The server will output:
Generating initial credentials...
Serving read-write credentials for bucket 'my-bucket' at http://localhost:8094/
Duration: 3600 seconds
Press Ctrl+C to stop
Fetching credentials¶
Once the server is running, fetch credentials with:
curl http://localhost:8094/
This returns JSON in the AWS credential_process format:
{
"Version": 1,
"AccessKeyId": "ASIAWXFXAIOZPAHAYHUG",
"SecretAccessKey": "Nrnoc...",
"SessionToken": "FwoGZXIvYXd...mr9Fjs=",
"Expiration": "2025-12-16T12:00:00+00:00"
}
Options¶
Duration (required)¶
The --duration or -d option specifies how long credentials should be valid for. This must be between 15 minutes and 12 hours:
# 15 minutes
s3-credentials localserver my-bucket --duration 15m
# 1 hour
s3-credentials localserver my-bucket --duration 1h
# 12 hours
s3-credentials localserver my-bucket --duration 12h
Port¶
Change the port with -p or --port:
s3-credentials localserver my-bucket --duration 1h --port 9000
Host¶
Change the host to bind to with --host:
s3-credentials localserver my-bucket --duration 1h --host 0.0.0.0
Read-only or write-only access¶
By default, credentials have read-write access.
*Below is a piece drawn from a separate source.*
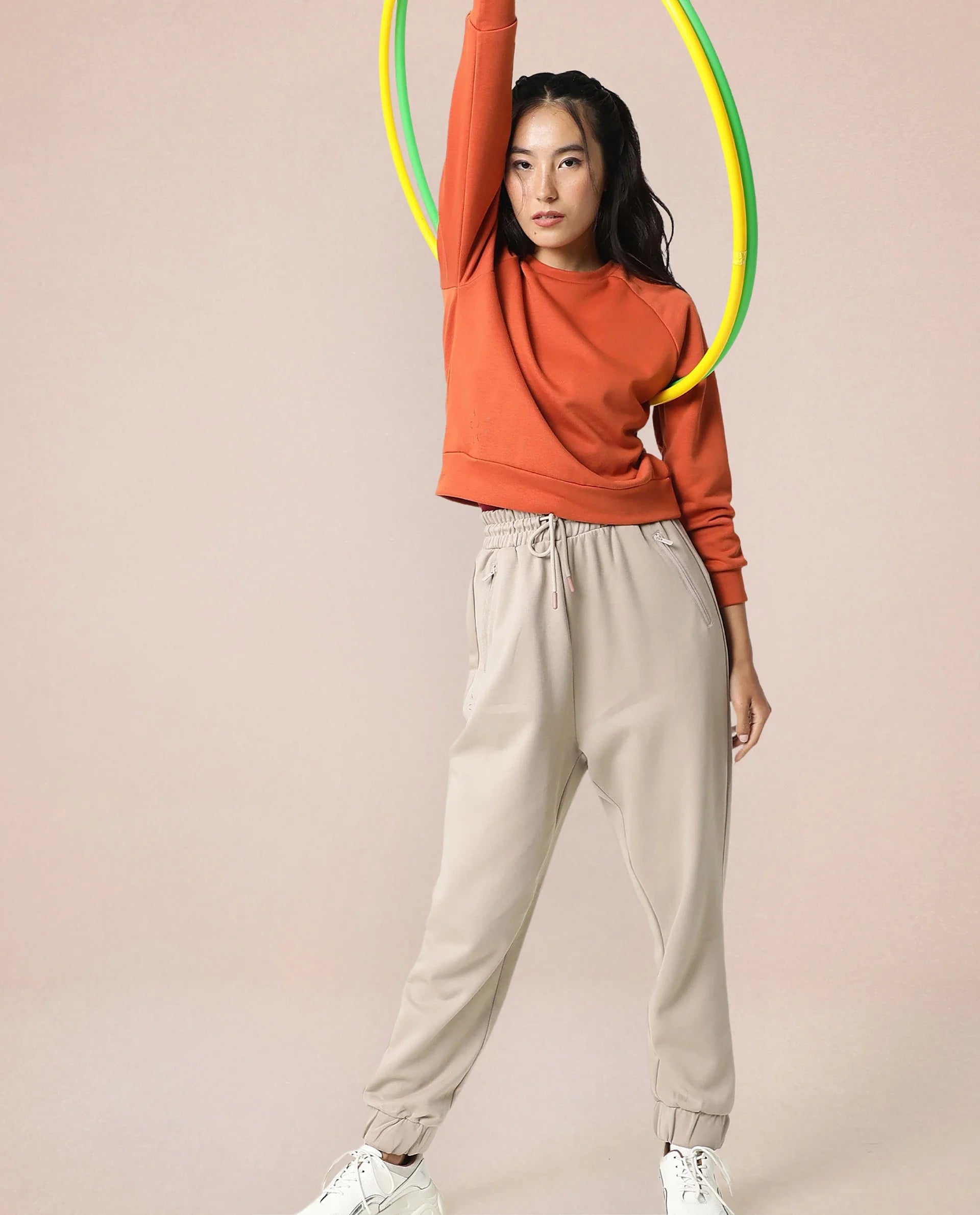 Rareism Women Creta Beige Cotton Blend Fabric Relaxed Fit Solid Mid Rise Ankle Length Track Pant

Use --read-only or --write-only for more restricted access:
# Read-only access
s3-credentials localserver my-bucket --duration 1h --read-only
# Write-only access
s3-credentials localserver my-bucket --duration 1h --write-only
Prefix restriction¶
Restrict access to keys with a specific prefix:
s3-credentials localserver my-bucket --duration 1h --prefix "uploads/"
Custom policy statements¶
Add custom IAM policy statements with --statement:
s3-credentials localserver my-bucket --duration 1h \
--statement '{"Effect": "Allow", "Action": "textract:*", "Resource": "*"}'
Credential caching¶
The server caches credentials internally and serves the same credentials until they expire. When the duration elapses, the server automatically generates new credentials.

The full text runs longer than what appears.